If I was annealing with flame or salt bath I would not be annealing so often just because of the inconvenience. With the AMP annealing is a quick simple step that why not do it every firing even if you are lazy or dont have lots of extra time.
 
I can see the worth in the AMP annealing system for high volume/commercial annealing. It, once set up, is basically foolproof. A person with no interest can be taught to operate it with minimal effort.

The salt bath method has its dangers, therefore, the operator must be diligent to all aspects of safety. Temperature and dwell time must be monitored. Then you have to deal with the salt residue, which isn't a biggy, but using the brass may take awhile if air dried or take the extra step to put in oven under low heat.

The propane torch and drill method is simple and fast, the operator must pay attention to dwell time. The brass can be loaded immediately after annealing ( I just roll them on a damp cloth).

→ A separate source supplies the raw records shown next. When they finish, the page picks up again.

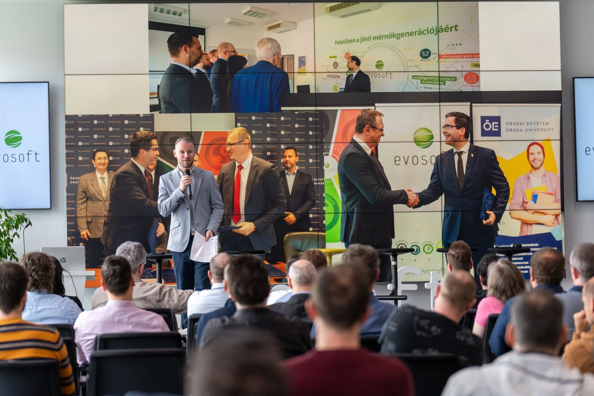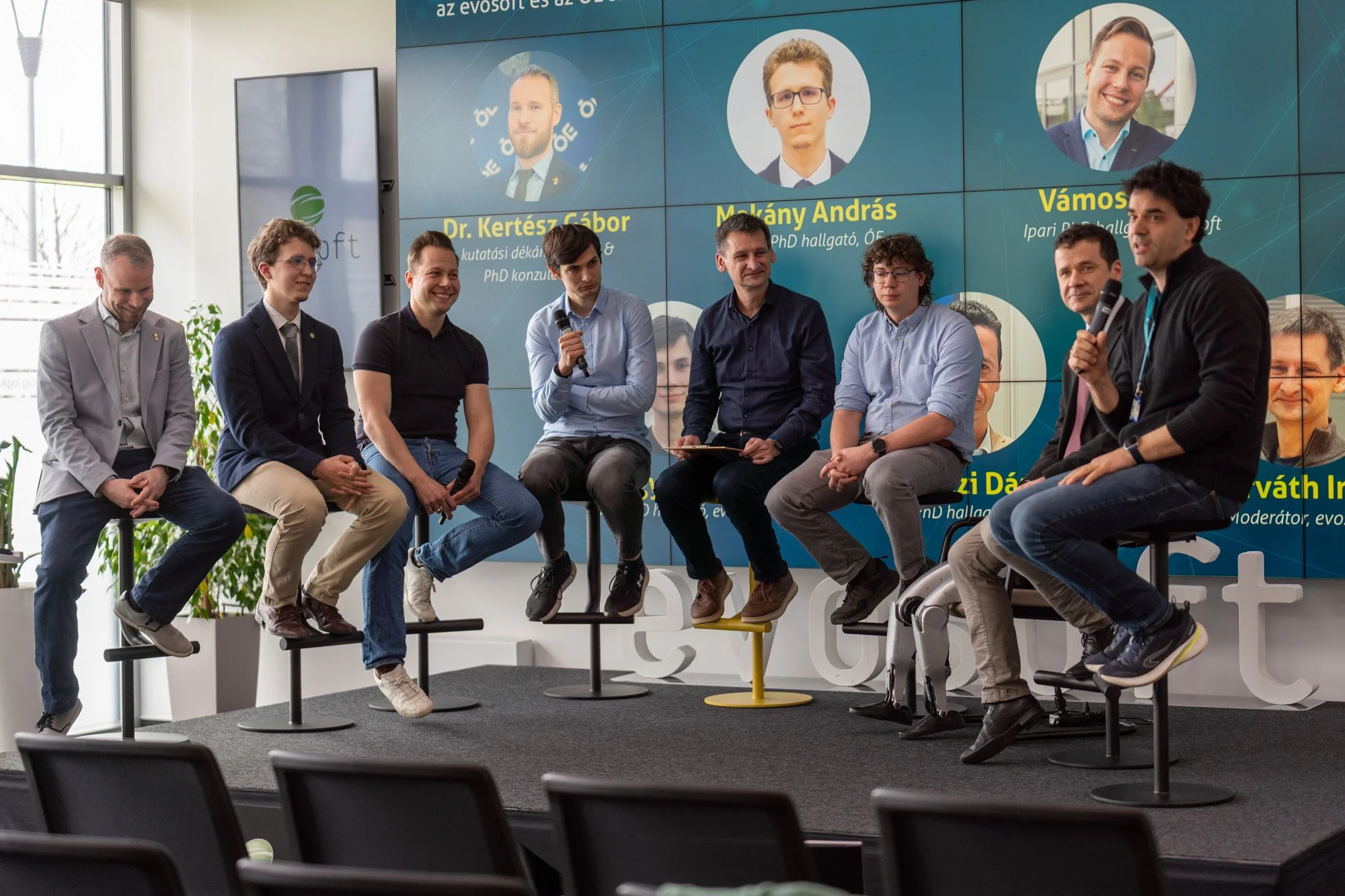 evosoftβs PhD colleagues, AzΓ‘r VΓ‘mos, DΓ‘niel Ferenczi, DΓ‘niel Nagy, GΓ‘bor Sterczl β along with two external guests, shared what they work on, why they chose the PhD path, and how they balance industrial work with academic research.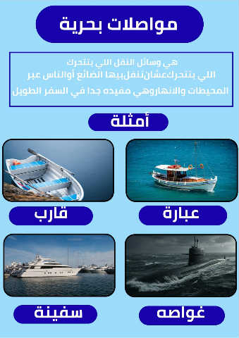 مواصلات بحرية ﻫﻲ وﺳﺎﺋﻞ اﻟﻨﻘﻞ اﻟﻠﻲ ﺑﺘﺘﺤﺮك اﻟﻠﻲ ﺑﺘﺘﺤﺮكﻋﺸﺎنﻧﻨﻘﻞﺑﻴﻬﺎ اﻟﻀﺎﺋﻊ أواﻟﻨﺎس ﻋﺒﺮ اﻟﻤﺤﻴﻄﺎت واﻻﻧﻬﺎروﻫﻲ ﻣﻔﻴﺪه ﺟﺪا ﻓﻲ اﻟﺴﻔﺮ اﻟﻄﻮﻳﻞ أﻣﺜﻠﺔ ﻗﺎرب ﻋﺒﺎرة ﺳﻔﻴﻨﺔ ﻏﻮاﺻﻪ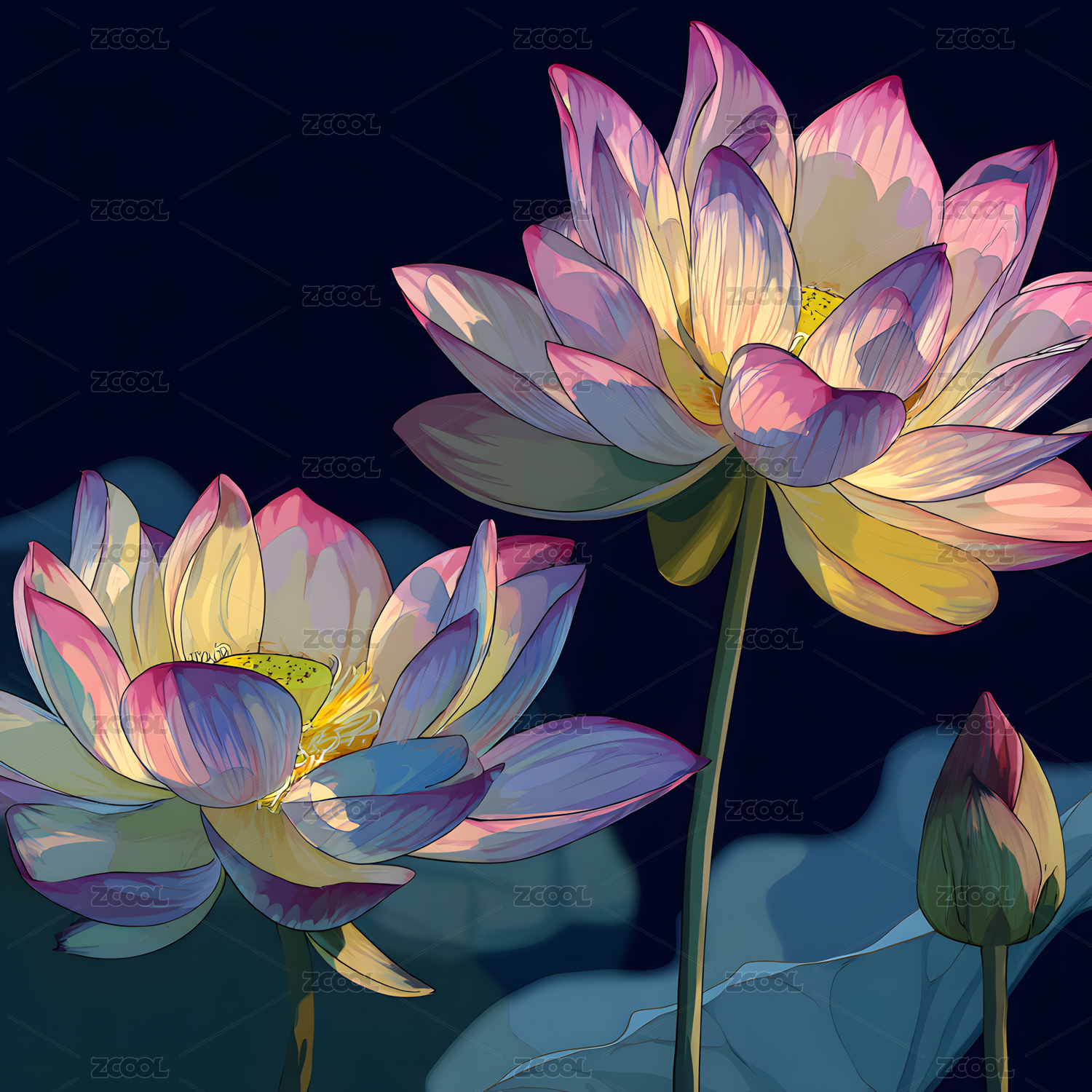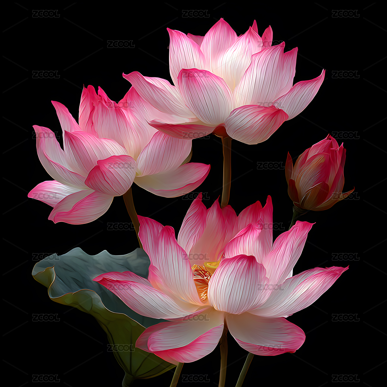 盛开,荷花,莲花,花朵,花瓣,鲜花,叶子,粉色,渐变,花苞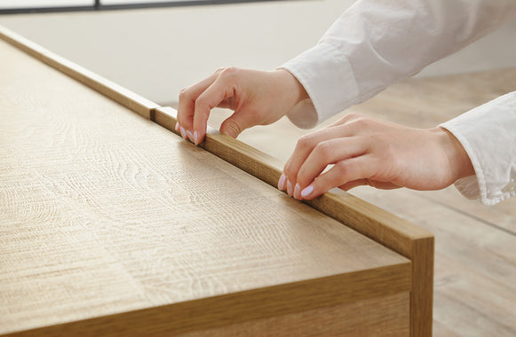 取っ手や枠などが見えず、シンプルフラットなデザイン。手をかけやすい構造により扉の開閉もスムーズに行えます。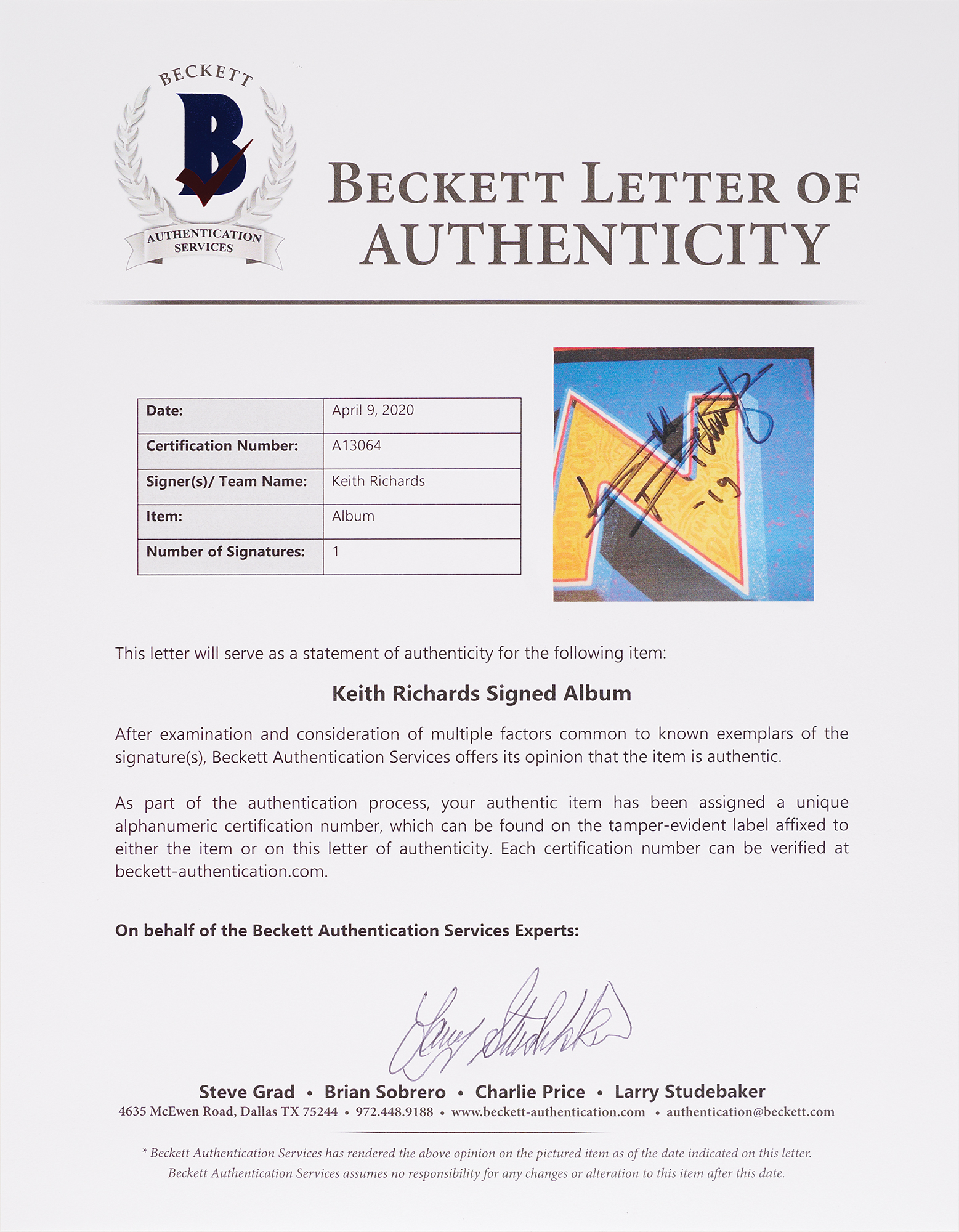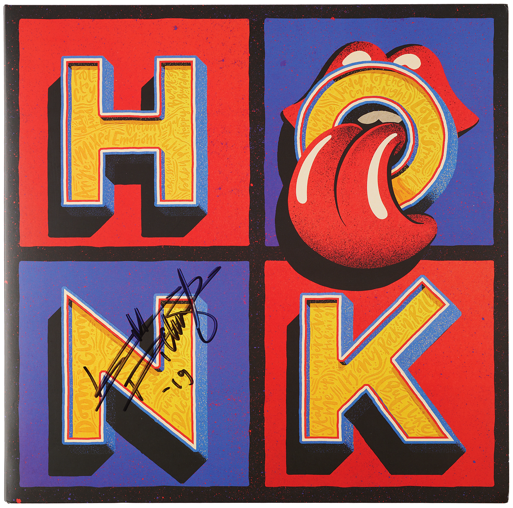 Honk compilation album signed on the front cover in black felt tip by the legendary Rolling Stones guitarist, "Keith Richards, '19." In very fine condition, with a Beckett label affixed to the back cover. Accompanied by a full letter of authenticity from Beckett Authentication Services. The records are included.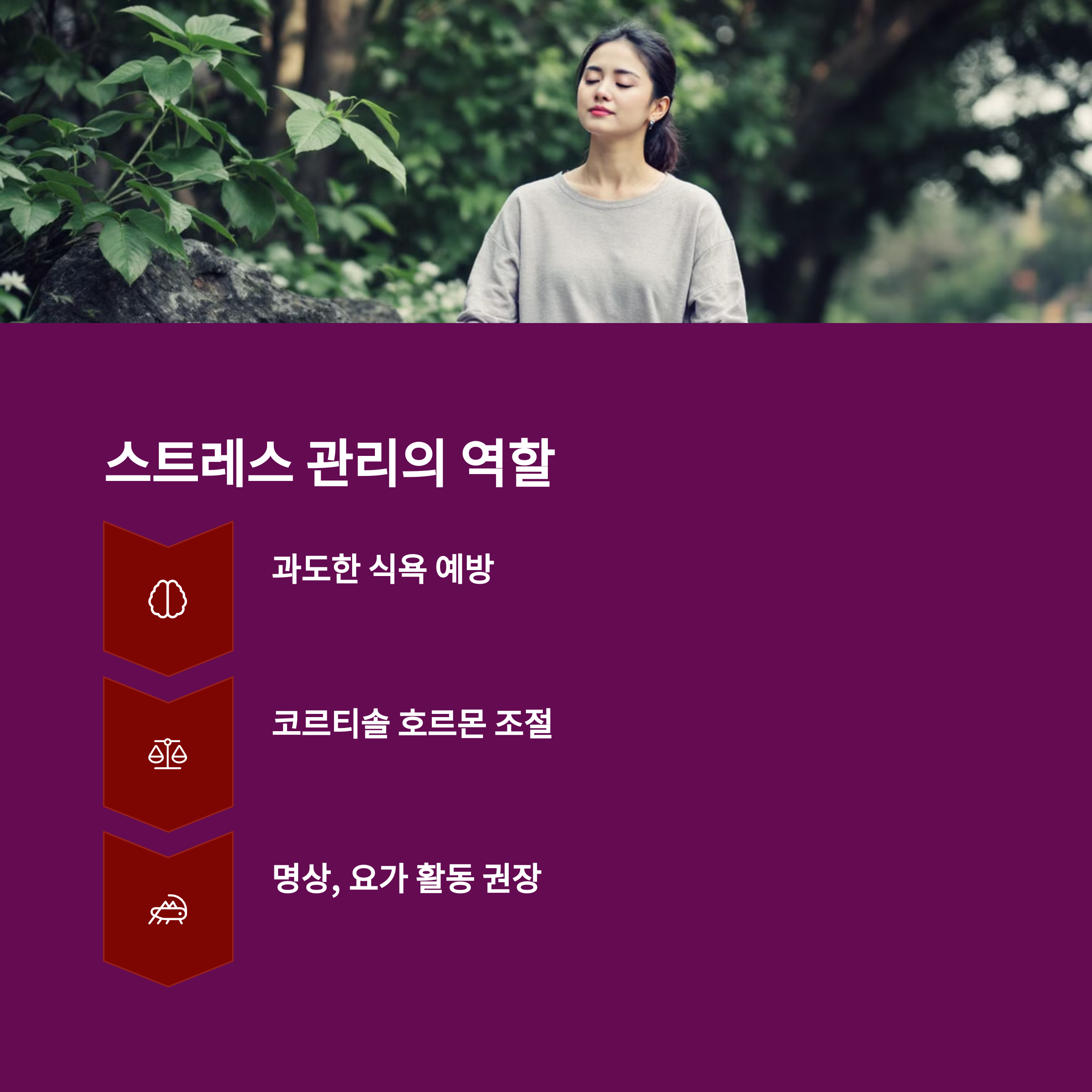 | 운동 | 수면 | 스트레스 관리 |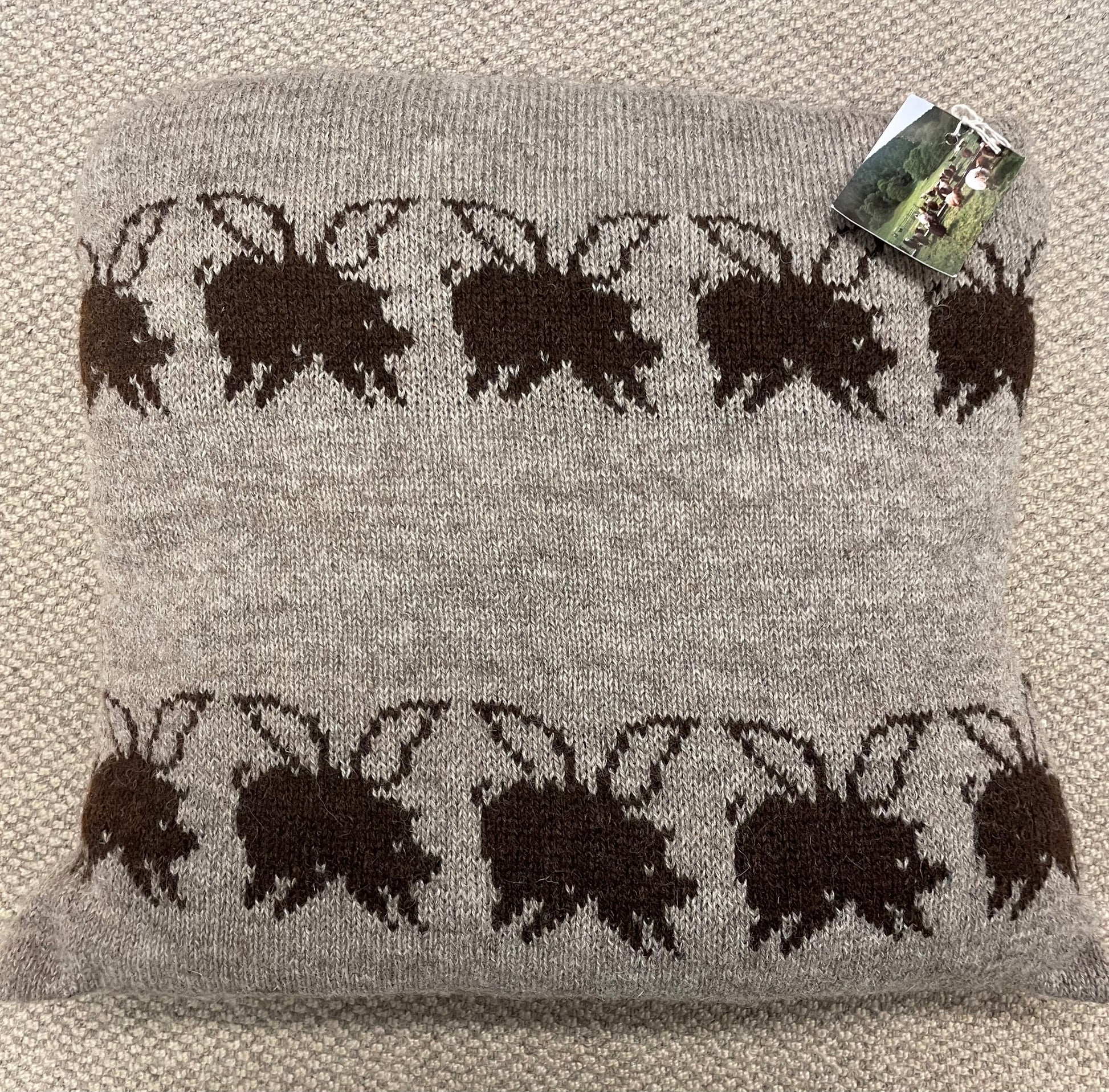 Woollen cushion designed by Lesley Wickham Cwmchwefru Wool, made with quality wool from her own sheep, carefully bred for a natural range of colours.
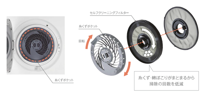 「セルフクリーニングフィルター」が自動で糸くず・綿ぼこりをかき集め、面倒なフィルター掃除の回数を低減。お手入れがより簡単になりました。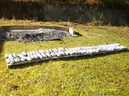 燠を被せてからおよそ1時間。焼き芋の美味しそうな匂いがしてきました。芋を取り出して並べます。中部っ子班で集まって焼き芋をいただきました。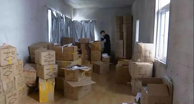 仓库里堆满了假冒劣质化妆品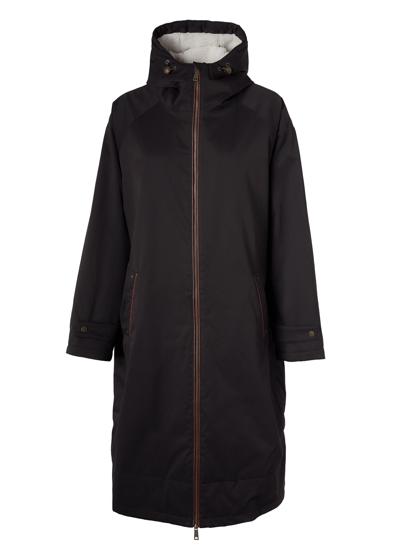 A must-have for the discerning adventurer, this super oversized coat boasts over-knee length for maximum coverage, ensuring you stay stylish and protected in any weather. Crafted with a waterproof outer shell fabric and fully taped waterproof seams, the full zip closure and cuff adjustment provides both functionality and versatility. With a borg lined hood with welt pockets to the front, the faux leather piping enhances this practical piece.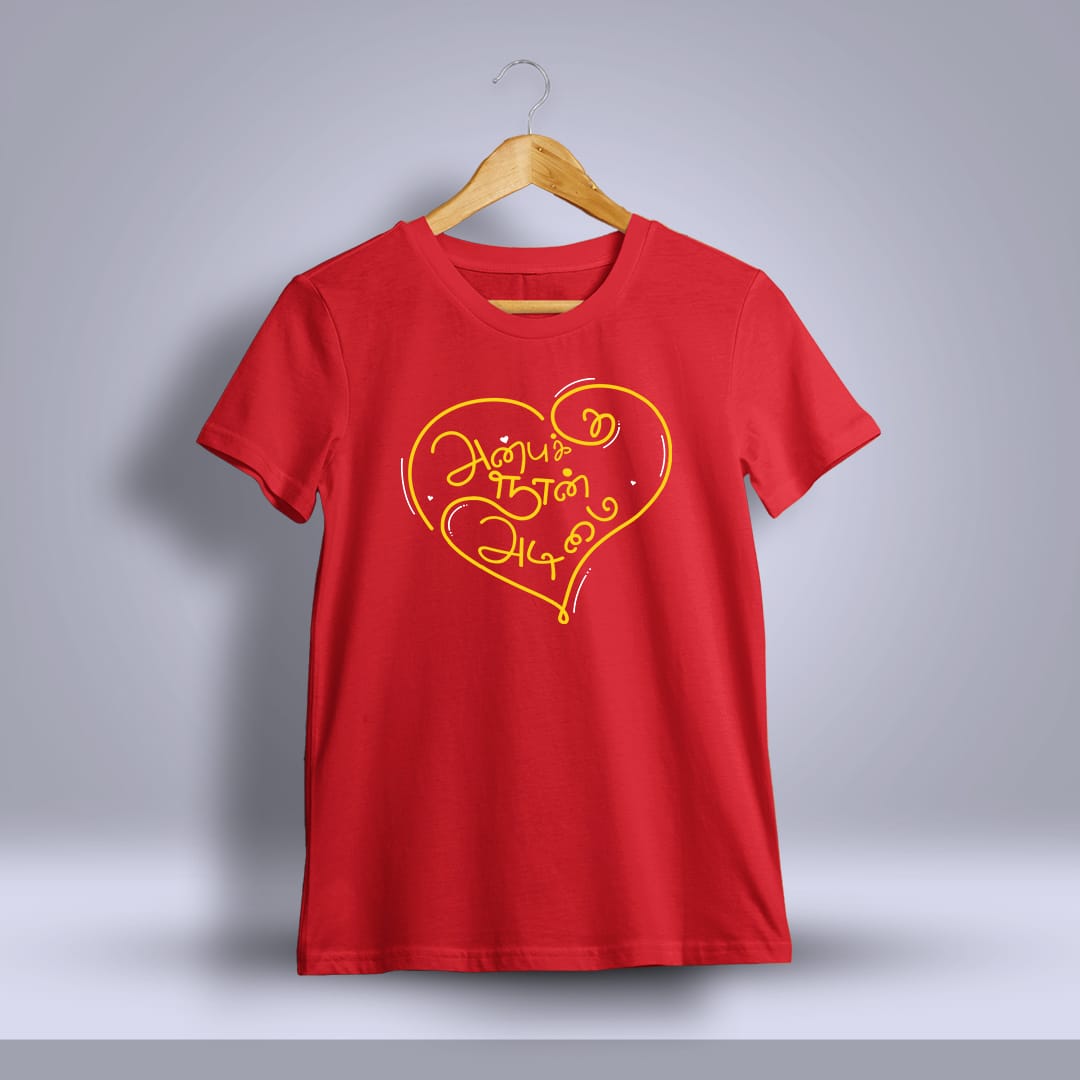 Show your devotion with the “Anbukku Naan Adimai” Tamil T-Shirt. A striking design that proudly celebrates loyalty to love and the power of heartfelt emotions.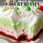 A festive and creamy Christmas Lasagna Dessert featuring a red velvet cookie-like base, layers of cream cheese and peppermint, green vanilla pudding, and topped with whipped topping and holiday sprinkles. Perfect for holiday gatherings and easy to prepare ahead.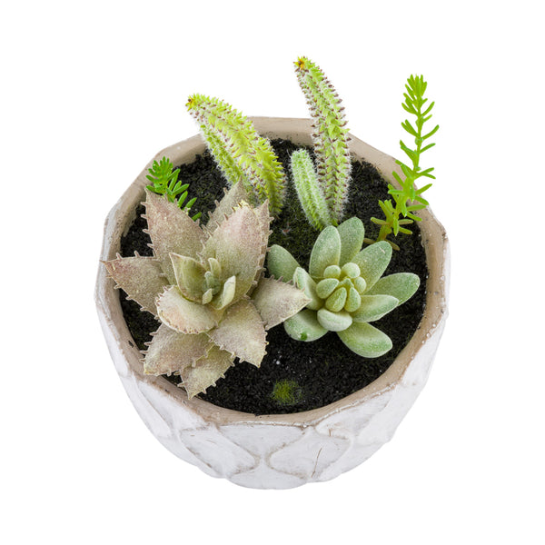 Add a statement piece to your centerpiece or restaurant decor with this Table Art Faux Succulent Arrangement in a stylish concrete planter. Filled with a vibrant assortment of faux succulent plants, this arrangement is a simple way to liven up any setting. The carefully molded leaves and lifelike spiked details add a natural and realistic feel to the small artificial succulent plants, while their neutral color palette ties in beautiful shades of green and light burgundy. Manufactured from flexible plastic and nestled in a modern concrete planter, this fake succulent arrangement adds an elegant touch of greenery to any establishment -- without any of the daily maintenance or upkeep! This faux succulent arrangement measures around 7.75 inches in height and 6 inches in diameter. Sold in a 1 count box.

I have done the torch and drill method for a long time, now I am doing it the salt bath way. Once set up this method goes fairly quick. I use it when I have a lot of brass to do (200+). For loading a few brass I still use the torch method.

I think the AMP system should get very consistent results, especially in higher volumes.

As far as the 3 methods described, they all will anneal the brass. A good operator on the latter two compared to the AMP, I'm guessing would rival the AMP system.....on the target as well as exhibit a low ES all things being equal.
 
Aside from everything mentioned so far, maybe the biggest advantage to the AMP is the unit is so damn easy and convenient to use. And the results are exactly the same every time with no way to screw things up really.

If I was annealing with flame or salt bath I would not be annealing so often just because of the inconvenience. With the AMP annealing is a quick simple step that why not do it every firing even if you are lazy or dont have lots of extra time.

Agreed!
 
A disadvantage of the AMP system is that you are required to purchase cartridge specific pilots at $31/ea which gets expensive if you have say cartridges from a half dozen cartridge families to anneal; eg .22 Hornet, .223, .308, .300 Winchester, .404 Jeffery, .416 Rigby, even if there is commonality within a cartridge family such as .243, .260 Remington, 7-08, .308, .358 etc. Given a purchase price of nearly $1800, which poses a hardship for many, the AMT should include everything needed to put it to work.